Update: Challenges with HashiCorp Terraform Resource Deletions Following AWS Lambda VPC Enhancements

On September 3, 2023, we shared a significant update that enhances AWS Lambda functions’ performance, scalability, and efficiency when interacting with Amazon VPC networks. For further details on these upgrades, please refer to the original blog post. These modifications mark a major shift in the configuration of elastic network interfaces (ENIs) used to connect to your VPCs. However, this new architecture has led to a situation where VPC resources, including subnets, security groups, and VPCs, may not be properly deleted via HashiCorp Terraform. This post aims to help you determine if you are impacted and outline the steps to resolve any issues.

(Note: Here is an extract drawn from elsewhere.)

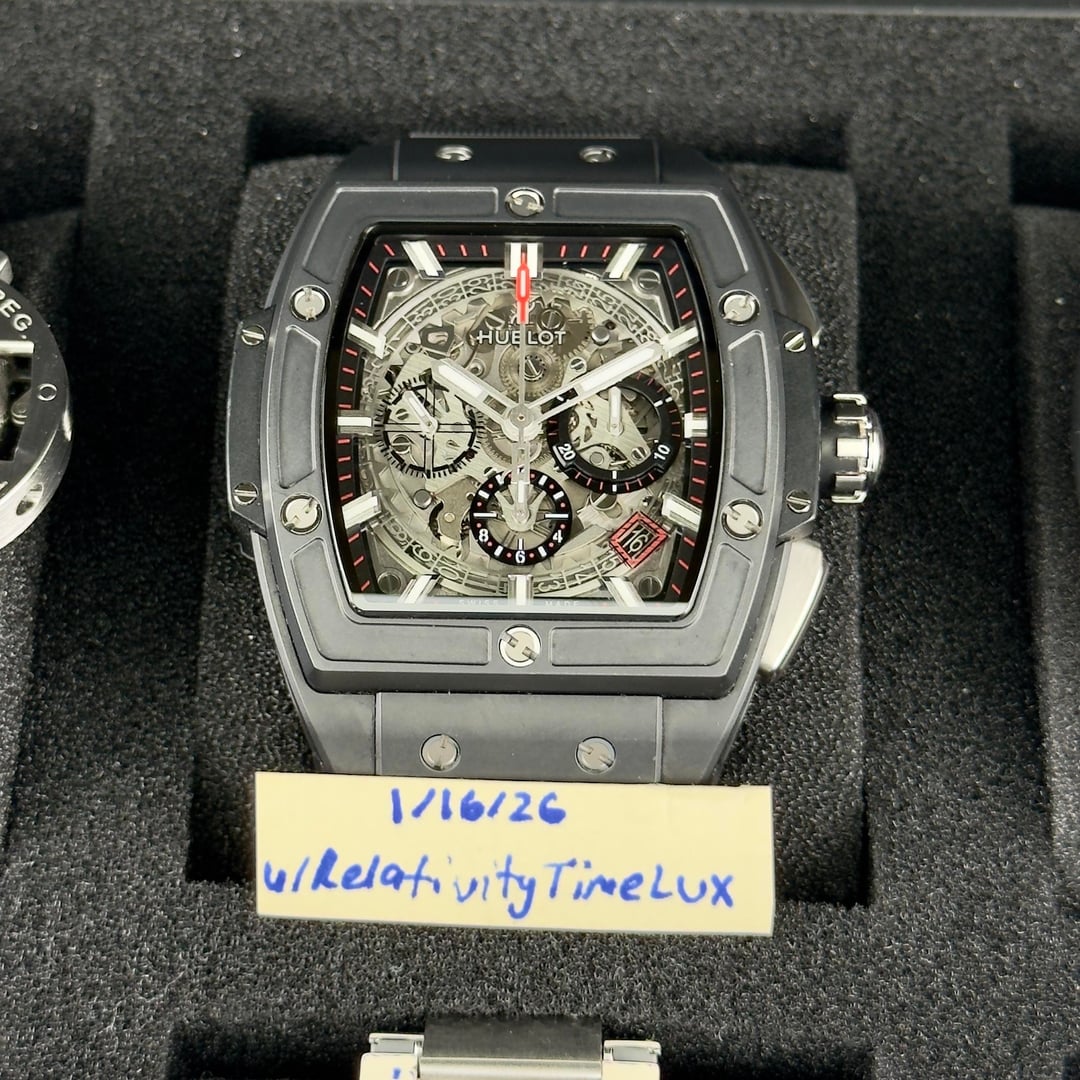 **Key Details:** * **Condition**: In very good condition, rated at 9.8/10. See detailed photos for full transparency. * **Included**: Inner & outer Hublot boxes and warranty card. * **Reference**: 641.CI.0173.RX **Asking**: 13150 **Trades Welcome** RelativityTimeLux All pics -> [https://imgur.com/a/hublot-spirit-of-big-bang-vF90lUy](https://imgur.com/a/hublot-spirit-of-big-bang-vF90lUy) Timestamp -> [https://imgur.com/1Y4MNzc](https://imgur.com/1Y4MNzc)

How Can I Identify If I’m Affected?

This issue affects users who rely on HashiCorp Terraform to destroy environments. Specifically, versions of the Terraform AWS Provider that are v2.30.0 or older are at risk. Users with these versions might encounter errors while attempting to destroy environments containing AWS Lambda functions, VPC subnets, security groups, and Amazon VPCs. Common error messages may include:

Error deleting subnet: timeout while waiting for state to become ‘destroyed’ (last state: ‘pending’, timeout: 20m0s)
Error deleting security group: DependencyViolation: resource sg- has a dependent object status code: 400, request id:

Depending on the AWS Regions where the VPC improvements have been implemented, you may face these errors inconsistently across different regions.

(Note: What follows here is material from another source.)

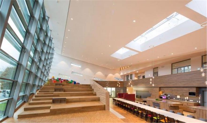 環(huán)繞在公共區(qū)域四周是一個通向二樓的很寬的緩坡,緊挨著落地玻璃,可以側(cè)臥著看書或者躺下來休息。如果有小孩過來,這里也是一個表演的地方。

How Do I Fix This Issue If I Am Affected?

You have two options for addressing this issue. The preferred solution is to upgrade your Terraform AWS Provider to v2.31.0 or a later version. For guidance on upgrading the Provider, check out the Terraform AWS Provider Version 2 Upgrade Guide. Information and source code for the latest AWS Provider releases can be found here. The most recent version of the Terraform AWS Provider includes fixes for this issue, as well as enhancements to the reliability of the environment destruction process. It is strongly advised to upgrade your Provider version to resolve this issue effectively.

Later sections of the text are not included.